L’éléphant de forêt d’Afrique est en danger d’extinction

Plus petit que son cousin des savanes et vivant essentiellement en Afrique centrale et en Afrique de l’Ouest, l’éléphant de forêt a vu sa population chuter de 86% en 30 ans.
Photo: Florent Vergnes Agence France-Presse Plus petit que son cousin des savanes et vivant essentiellement en Afrique centrale et en Afrique de l’Ouest, l’éléphant de forêt a vu sa population chuter de 86% en 30 ans.

Menacé par la destruction de son habitat et par le braconnage, l’éléphant de forêt d’Afrique est désormais « en danger critique d’extinction », a mis en garde jeudi l’Union internationale pour la conservation de la nature (UICN).

Cette espèce, plus petite que son cousin des savanes et vivant essentiellement dans les forêts d’Afrique centrale et d’Afrique de l’Ouest, a vu sa population chuter de 86 % en 30 ans. À tel point que l’UICN inclut maintenant le Loxodonta cyclotis dans sa liste rouge des espèces menacées.

La population des éléphants de savane (Loxodonta africana) a pour sa part plongé d’au moins 60 % ces 50 dernières années, considérés comme « en danger » pour le moment par l’UICN.

Fait à noter : l’organisation distingue désormais les deux espèces d’éléphants qu’on trouve sur le continent africain, soit de forêt et de savane. Une décision qu’elle a prise en s’appuyant sur la base de l’étude du génome par des experts, a-t-elle indiqué.

Pour Bruno Oberle, directeur général de l’UICN, la classification des deux espèces « souligne les pressions constantes auxquelles doivent faire face ces animaux emblématiques ».

Pente escarpée

Il y a 50 ans, environ 1,5 million d’éléphants sillonnaient toute l’Afrique. On n’en dénombre plus que 415 000, selon le plus récent recensement des grands mammifères en 2016. Le prochain n’est pas attendu avant 2021 ou 2023.

Les éléphants de forêt occupent aujourd’hui seulement un quart de leur territoire originel et les populations les plus importantes se trouvent au Gabon et au Congo. L’éléphant de savane préfère pour sa part un habitat plus ouvert en Afrique subsaharienne.

« Ce sont vraiment des baisses marquées », réagit en entrevue Benson Okita-Ouma, co-président du groupe des spécialistes des éléphants d’Afrique au sein de l’UICN. Ce déclin devrait d’ores et déjà « sonner l’alarme », estime celui qui fait également partie de l’organisme Save the Elephants.

Les éléphants ne vont pas disparaître d’Afrique du jour au lendemain, ajoute-t-il, mais « cette classification doit nous servir d’avertissement que si nous n’inversons pas le cours des choses, nous avons de bonnes chances de voir ces animaux frappés d’extinction ».

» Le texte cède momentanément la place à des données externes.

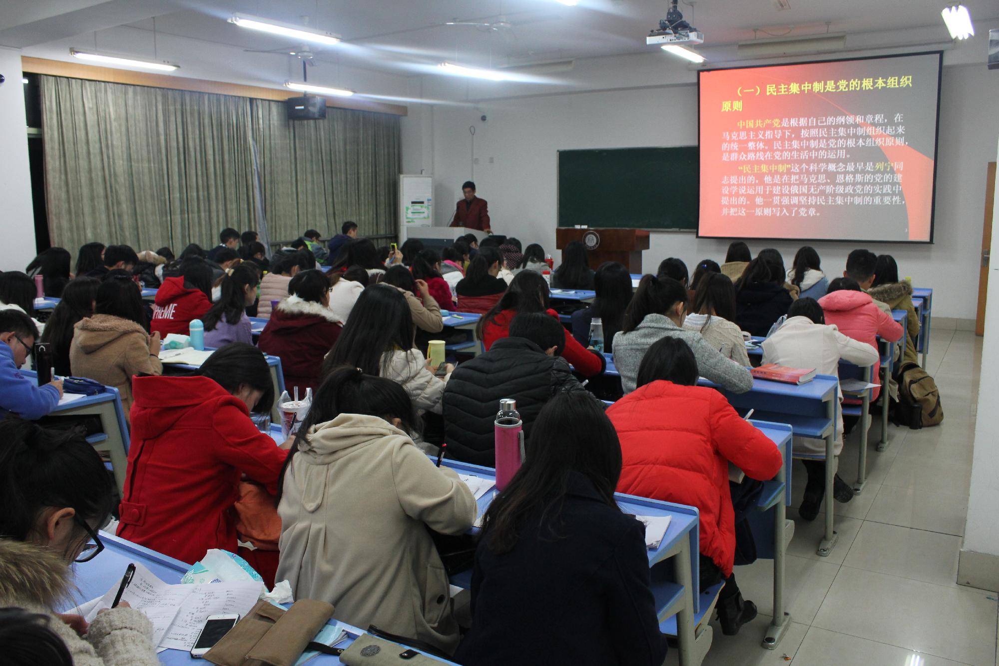 邀请了校内外五名主讲老师,他们围绕了多个角度、多个主题进行全方位授课。12月6日下午,首先,来自思政部的总支副书记何历宇老师,结合了习近平总书记的讲话内容,围绕“坚持中国特色社会主义道路”的主题,用GDP等各种数值对比了中国与多个国家的经济发展差别,从而了解到我国经济发展的优点和缺点在哪些方面。接着,校党委组织部副部长范建峰老师向大家阐明了“党员的权利、义务和共产党员的修养问题”,并且讲述当今中国的社会现状、改革开放取得的成就与毛泽东思想之间的关系、为何社会主义是中国的必由之路以及面对改革开放如何看待传统文化,金融学院党总支杨鹰彪书记结合中纪委近年来的惩腐规划以及国际组织发布的清廉指数为大家讲述“党的组织原则、党的纪律以及党风建设”三方面内容。12月9日下午,漫画人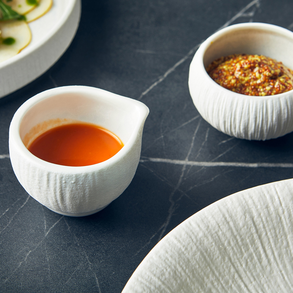 The Incise Porcelain Lucine collection features an elegant series of gourmet dishes, finished with a refined textured matt white glaze and embossed design for added sophistication. The centre of each plate showcases a stunning reactive pearlescent glaze, creating a captivating focal point. Perfect for upscale settings, this range blends striking aesthetics with practical design, allowing chefs to create visually stunning and memorable presentations for any occasion.

« C’est le monde entier qui doit comprendre que nous sommes sur une pente escarpée, en termes de survie de ces éléphants », insiste Benson Okita-Ouma.

Braconnage et habitat détruit

La chute du nombre d’individus pour les deux espèces s’est accélérée depuis 2008, quand le braconnage pour les défenses en ivoire s’est intensifié. Après avoir atteint son apogée en 2011, le phénomène a perdu en intensité, mais il continue néanmoins de menacer les éléphants, souligne l’UICN.

Au-delà du braconnage, M. Okita-Ouma s’inquiète surtout de la destruction de l’habitat des éléphants pour augmenter la surface des terres agricoles ou l’exploitation forestière. « Si nous ne planifions pas correctement notre exploitation de la terre, il y aura des formes indirectes de mort » même si nous devions stopper le braconnage et autres abattages illégaux.

Le portrait n’est pas totalement noir, souligne par ailleurs l’UICN dans la mise à jour de sa liste rouge des espèces menacées. L’organisation met aussi l’accent sur des aspects plus positifs, comme les succès en matière de conservation au Gabon et au Congo dans des zones protégées bien gérées.

Dans le sud de l’Afrique, le nombre d’éléphants de savane est aussi stable, voire en croissance, dans la zone de conservation transfrontalière du Kavango-Zambèze. « Plusieurs pays africains ont montré la voie ces dernières années, prouvant qu’on pouvait inverser la tendance », insiste le directeur général de l’UICN, Bruno Oberle.

La pandémie a elle aussi une incidence sur les efforts de protection de la nature en privant les pays des revenus du tourisme qui servaient à financer en partie ces efforts. À l’inverse, la chute de l’activité humaine a permis aux éléphants de « recoloniser » certaines zones dont l’activité humaine les avait chassés.